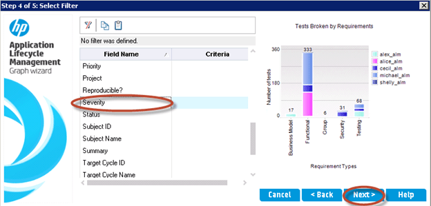 步骤 5) 向导还允许您输入筛选条件。如果没有应用筛选器,则图表将通过考虑“缺陷”模块中所有可用数据来生成。
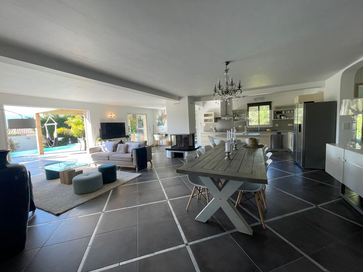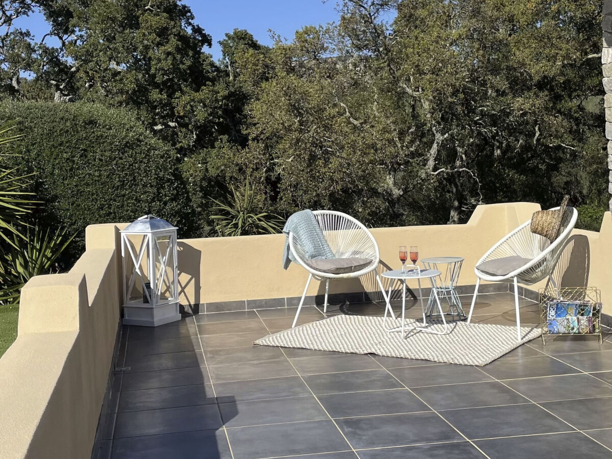 La villa est posée dans un environement calme et bucolique, en plein milieu des chènes lièges et du maquis environnent.
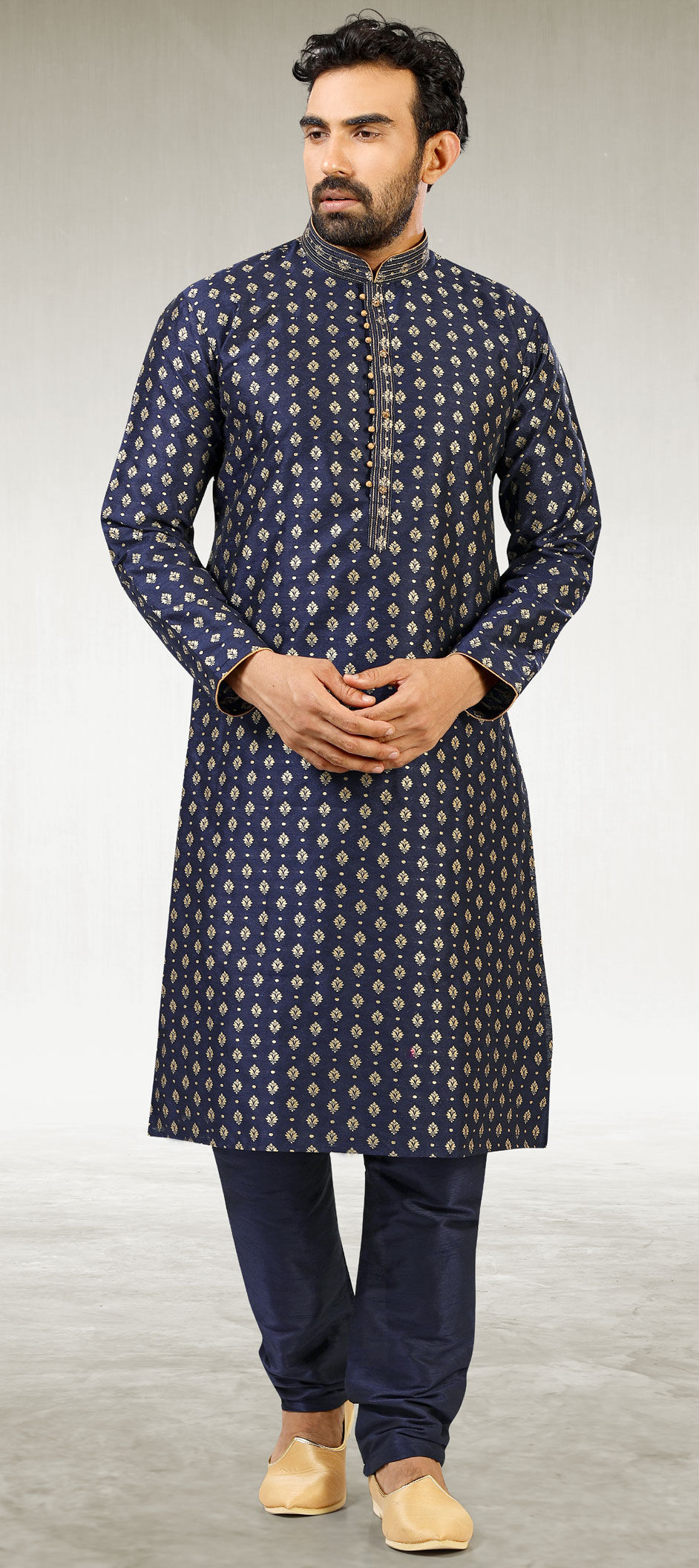 Blue color Kurta Pyjamas in Jacquard fabric with Lace work
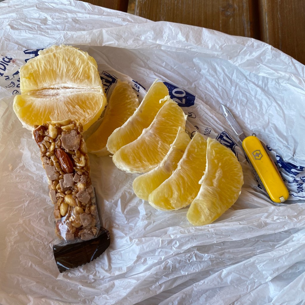 Der Mann, welcher aussieht wie Rübezahl, möchte mir eine Freude machen, da er von der Weitwanderung ganz begeistert ist und bietet mir „eine süße Spezialität“ an. Ich lehne dankend ab. Kurz bevor ich gehe, fällt ihm doch noch etwas ein, womit er mir eine Freude machen kann – und er trifft den Nagel auf den Kopf, indem er mir, schon beim Rausgehen, noch eine Apfelsine zusteckt – DAS ist etwas, worüber Weitwander:innen sich immer freuen! Frisches Obst 🙂
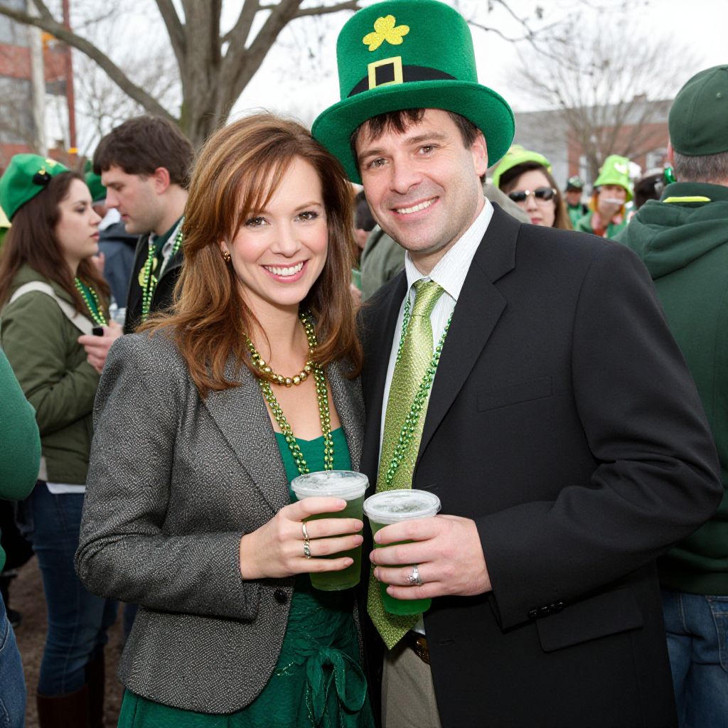 Cleveland, 2009: A festive couple celebrates St. Patrick's Day, with the man wearing a green hat and tie while holding a green drink, and the woman dressed in a stylish gray blazer and green skirt, both smiling warmly amidst a lively crowd.
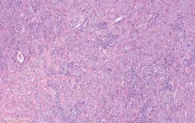 【诊断分子病理学】常见的遗传改变是复杂的染色体异常和TP53基因突变。常存在MET14号外显子的跳跃突变。可以发生KRAS和EGFR基因突变,但很少发生ALK基因重排。PD-L1在多形性癌中高表达(60%~90%),在梭形细胞区表达更强。
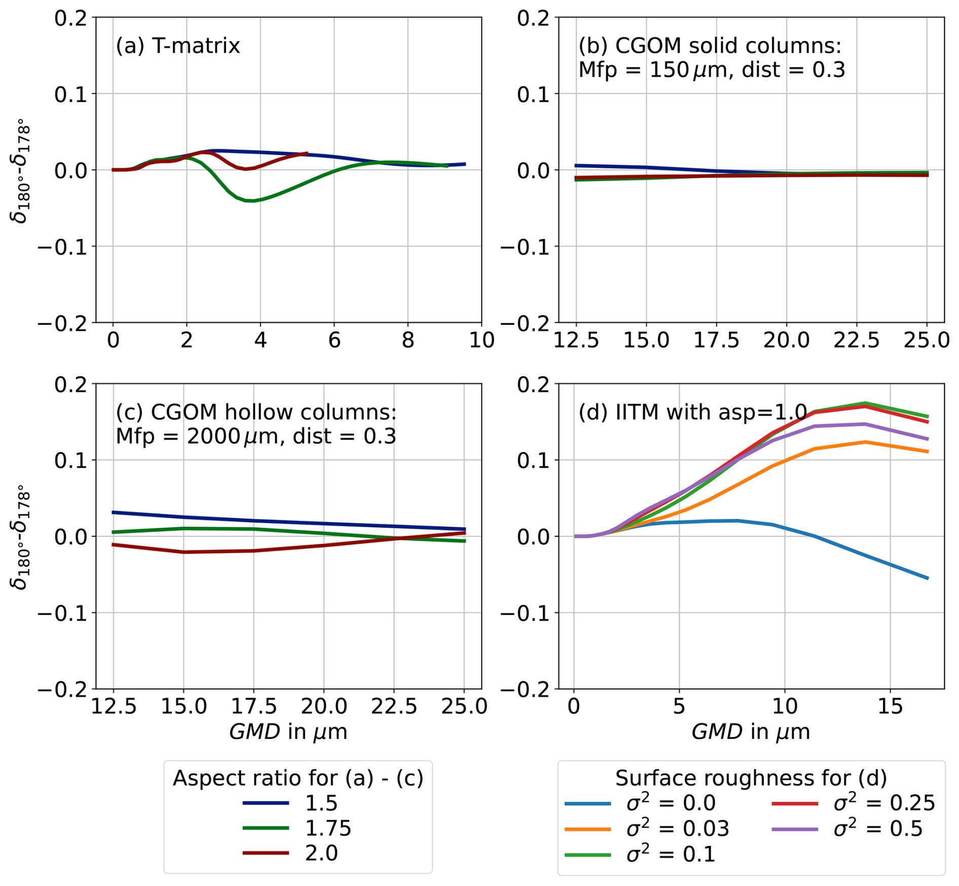 However, the applicability of these numerical results produced with idealized crystal geometry to atmospheric remote sensing observations is highly uncertain because recent studies have observed that cirrus ice crystals rarely show idealized hexagonal shape and almost always contain some degree of morphological complexity (Järvinen et al.2023). Saito and Yang (2023) used the Invariant Imbedding T-Matrix (IITM) and the improved geometric optics method (IGOM) to model the effects of both size and surface roughness on the linear depolarisation ratio of hexagonal ice crystals with an aspect ratio of one. They concluded that the ice crystal roughness has a strong impact on the backscattering properties, which needs to be included in order to simulate observational data. Adding hollowness to the basal facets of bullet rosette ice crystals was found to lower the backscattering linear depolarisation ratio using improved geometric ray tracing simulations (Yang et al.2008). Furthermore, a decreasing trend in linear depolarisation ratio for increasing particle size was seen that was not present for solid bullet rosettes.
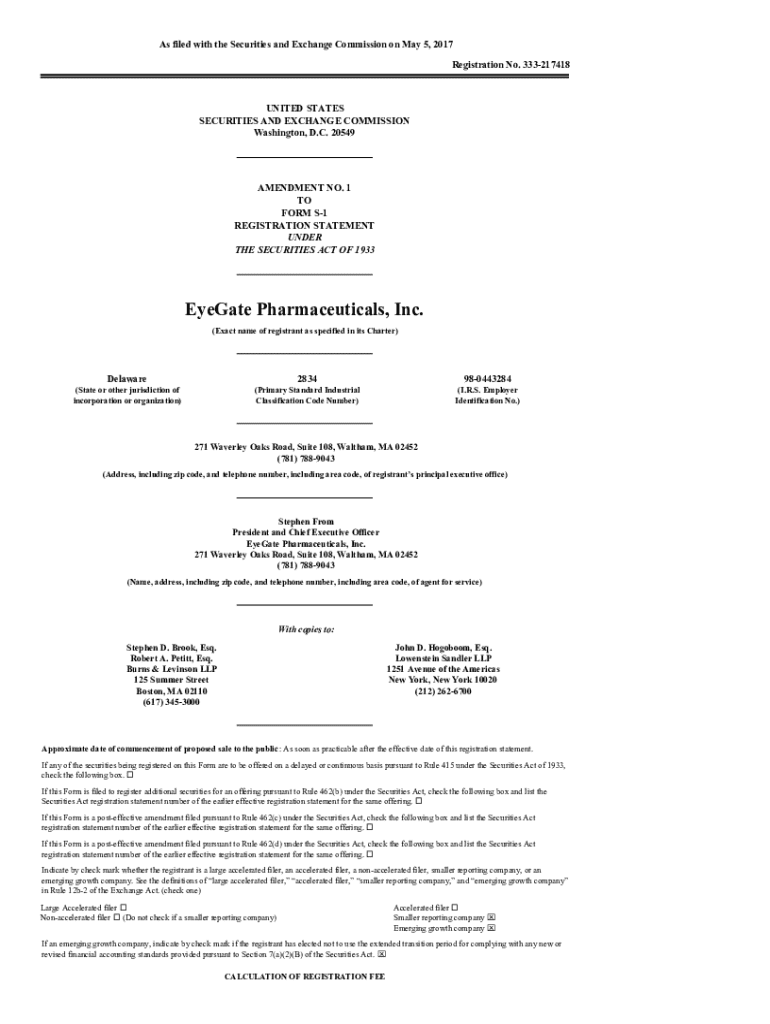 As filed with the Securities and Exchange Commission on May 5, 2017 Registration No. 333217418UNITED STATES SECURITIES AND EXCHANGE COMMISSION Washington, D.C. 20549AMENDMENT NO. 1 TO FORM S1 REGISTRATION
== == ==
EXERCISE GOAL: Could you write out the records again exactly, omitting each image?

PROBLEM SOLUTION:
 步骤 5) 向导还允许您输入筛选条件。如果没有应用筛选器,则图表将通过考虑“缺陷”模块中所有可用数据来生成。
 La villa est posée dans un environement calme et bucolique, en plein milieu des chènes lièges et du maquis environnent.
 Blue color Kurta Pyjamas in Jacquard fabric with Lace work
 Der Mann, welcher aussieht wie Rübezahl, möchte mir eine Freude machen, da er von der Weitwanderung ganz begeistert ist und bietet mir „eine süße Spezialität“ an. Ich lehne dankend ab. Kurz bevor ich gehe, fällt ihm doch noch etwas ein, womit er mir eine Freude machen kann – und er trifft den Nagel auf den Kopf, indem er mir, schon beim Rausgehen, noch eine Apfelsine zusteckt – DAS ist etwas, worüber Weitwander:innen sich immer freuen! Frisches Obst 🙂
 Cleveland, 2009: A festive couple celebrates St. Patrick's Day, with the man wearing a green hat and tie while holding a green drink, and the woman dressed in a stylish gray blazer and green skirt, both smiling warmly amidst a lively crowd.
 【诊断分子病理学】常见的遗传改变是复杂的染色体异常和TP53基因突变。常存在MET14号外显子的跳跃突变。可以发生KRAS和EGFR基因突变,但很少发生ALK基因重排。PD-L1在多形性癌中高表达(60%~90%),在梭形细胞区表达更强。
 However, the applicability of these numerical results produced with idealized crystal geometry to atmospheric remote sensing observations is highly uncertain because recent studies have observed that cirrus ice crystals rarely show idealized hexagonal shape and almost always contain some degree of morphological complexity (Järvinen et al.2023). Saito and Yang (2023) used the Invariant Imbedding T-Matrix (IITM) and the improved geometric optics method (IGOM) to model the effects of both size and surface roughness on the linear depolarisation ratio of hexagonal ice crystals with an aspect ratio of one. They concluded that the ice crystal roughness has a strong impact on the backscattering properties, which needs to be included in order to simulate observational data. Adding hollowness to the basal facets of bullet rosette ice crystals was found to lower the backscattering linear depolarisation ratio using improved geometric ray tracing simulations (Yang et al.2008). Furthermore, a decreasing trend in linear depolarisation ratio for increasing particle size was seen that was not present for solid bullet rosettes.
 As filed with the Securities and Exchange Commission on May 5, 2017 Registration No. 333217418UNITED STATES SECURITIES AND EXCHANGE COMMISSION Washington, D.C. 20549AMENDMENT NO. 1 TO FORM S1 REGISTRATION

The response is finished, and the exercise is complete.